In the search to determine what controls how genes are expressed, an increasing number of studies are pointing to the fine print.

A new study out of UCLA and the Salk Institute for Biological Studies adds to that fine print by providing a comprehensive map the entire genome of a common laboratory plant, highlighting areas where DNA methylation may have taken place.

DNA methylation is an “epigenetic process”: it affects gene expression, but does not alter the sequence of bases that make up the genetic code. Methylation adds a methyl group to cytosine, one of the four DNA bases, and can silence genes by blocking their transcription into RNA. Because methylations can be inherited during DNA replication, in gene expression, they are just as important as any changes to the base sequence.

The new research on Arabidopsis thaliana — a flowering plant of that is considered the mouse of laboratory research plants—offers the first genome-wide analysis of methylation for any plant or animal.

“Now anyone can simply get on a browser and see the methylation status of their favorite gene,” said Steve Jacobsen, a plant biologist at UCLA and co-author of the study.

The entire genome of Arabidopsis thaliana consists of about 26,000 expressed genes, or about 120 million bases. The researchers determined where the DNA was methylated and compared that to microarrays that revealed whether the genes were turned on.

The scientists found that the location of a methylation influenced its effects. For instance, methylation on the body of the gene corresponded to higher levels of expression, rather than the expected lower levels. But when methylation occurred in the gene’s promoter region—an area adjacent to the body of the gene and where transcription begins—it was more likely to silence the gene.

More than a third of expressed genes had methylation in their transcribed regions, whereas only five percent had them in the promoter regions.

The team also found that methylation silences transposons, so-called “jumping genes” that can move around in the genome and cause wide-ranging genetic problems. 

The scientists also studied mutant plants that were unable to methylate DNA. In these plants, they discovered hundreds of genes that showed higher levels of activity than in normal plants. This suggests that these genes might be controlled by methylation and are effectively silenced in many normal plants.

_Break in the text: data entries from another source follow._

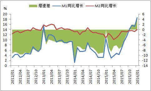 2016年1月末,M1和M2分別同比增長18.6%、14%,增速較上月同期提高3.4和0.7個(gè)百分點(diǎn)。其中,M2增速攀升,主要是信貸投放帶動(dòng)派生存款大幅增加。M1增速攀升,主要是1月份央行通過開展逆回購、MLF、SLF等多元化貨幣政策工具向市場凈投放逾萬億元基礎(chǔ)貨幣。
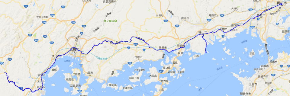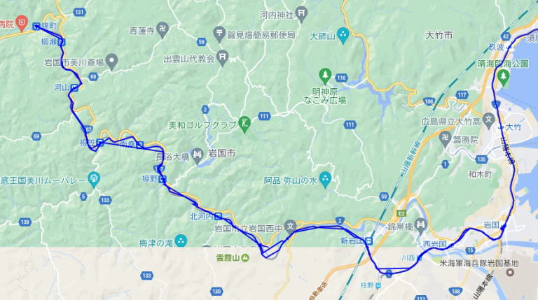 (岩国-錦町間。 GPSロガーのログデータで実際に移動した場所の軌跡を表示)
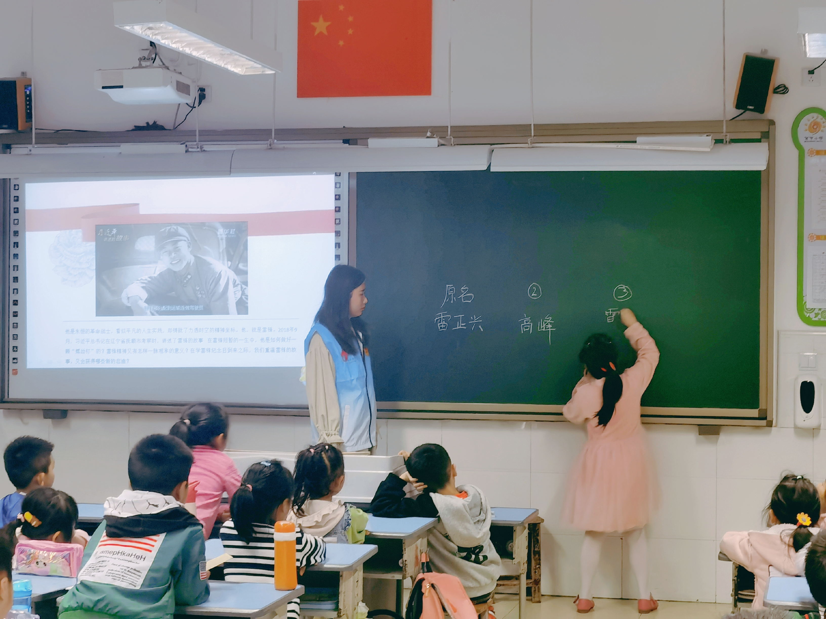 首先,学生志愿者们首先来到了百节小学给学校十二个班级的小朋友们分享雷锋事迹,讲述当代“雷锋精神”的故事。随后,师生志愿者们与百节小学的小朋友们一同前往百节敬老院开展大手牵小手“五个一 ”志愿服务活动。
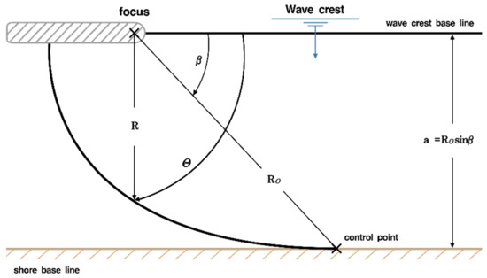 Here, refers to the radical distance from the parabolic focus to the shoreline, refers to the offshore distance between the wave crest baseline that passes the focus and the shore baseline that passes the control point in parallel, refers to the angle between the wave crest baseline and a line that travels from the focus through the control point, refers to the angle between the wave crest baseline and a line that connects the focus with the equilibrium shoreline, and , and are fitting coefficients, as provided by Hsu and Evans [18], as displayed in Figure 2. The sum of the three fitting coefficients must equal 1, so that the bay sector and the linear sector may connect.
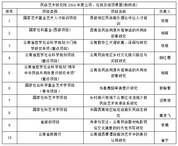 岁聿云暮、日月逾迈,2024年民族艺术研究院以深化科研、提升科研成果产出为中心,纵深推进学科建设和人才培养,科研成果丰硕,成效显著。民族艺术研究院本年度成功立项国家社科基金(西部项目)1项,国家艺术基金艺术人才培训项目1项,云南省哲社重点项目3项,省级规划项目1项。本年度云南省教育厅研究生项目共申报29项,其中20项获得立项,跟进在研项目16项,研究生项目结项5项。国家社科基金艺术学项目2项顺利结题,科研项目验收合格率达到100%。民族艺术研究院正式在编9人,博士后2人,在研项目10项,项目立项和在研占比达91%;研究生总人数94人,在研及立项项目36项,占比达38%。
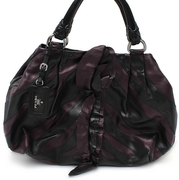 > 新品同様 プラダ VITELLINO MORDO BR3983 レザー ハンドバッグ パープル&ブラック PRADA
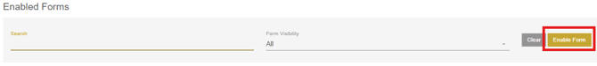 In the forms page of the admin settings, forms can be enabled for different locations in the system. To enable a form in the system, type the form name to find the form and click the enable form button to enable the form in the system.
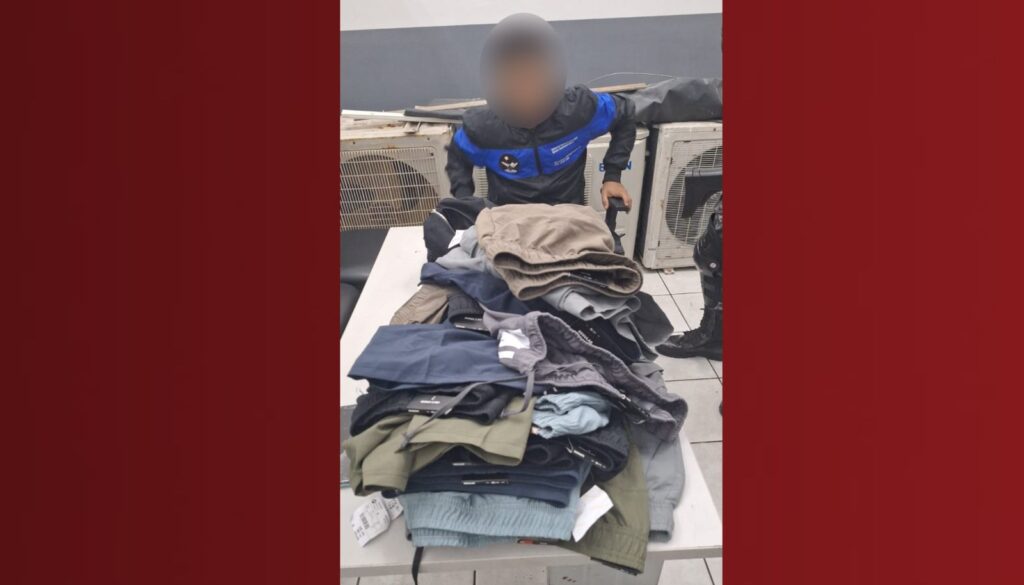 Homem levava diversas peças de roupa ainda etiquetadas e sem nota fiscal.
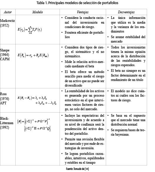 Con relación a aplicaciones en Latinoamérica, Cruz, Urrutia y Medina [12] desarrollan un modelo dual que permite maximizar la rentabilidad y minimizar la inversión inicial requerida, mientras que Cruz y Clement [13], con relación a la apertura de la inversión hacia mercados globales, afirman que uno de los riesgos que debe tener en cuenta el inversionista al incursionar en dichos mercados es el riesgo cambiario, dado que el rendimiento no solo dependerá de la variación en precios del activo a invertir, sino también de la evolución de la moneda en su tasa cambiaria, por lo cual se hace necesario hacer un estudio que permita administrar de manera eficiente estos riesgos recomendando el uso del modelo BL para la administración de los riesgos de los portafolios internacionales o globales. Las características de las cuatro principales propuestas teóricas para la estructuración de portafolios se resumen en la tabla 1.
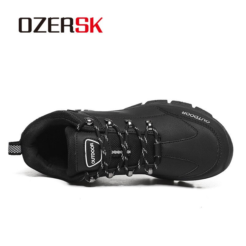 Leather Men Boots Lace Up Black Waterproof Military Ankle Boots Men Lightweight

“There is a lot of DNA variation,” said Joseph Ecker, a plant biologist at the Salk Institute for Biological Studies and co-author of the study. “But we don’t really know on a genome-wide scale the degree of epigenetic scale.”

Rob Martienssen, a plant geneticist at Cold Spring Harbor Laboratory, said methylation profiles are useful for crop plants and genetically modified organisms (GMOs).

“Methylation profiling of GMO plants would be a good way to ensure there have been no unintended epigenetic changes during the modification process, which could negatively impact crop performance,” he said.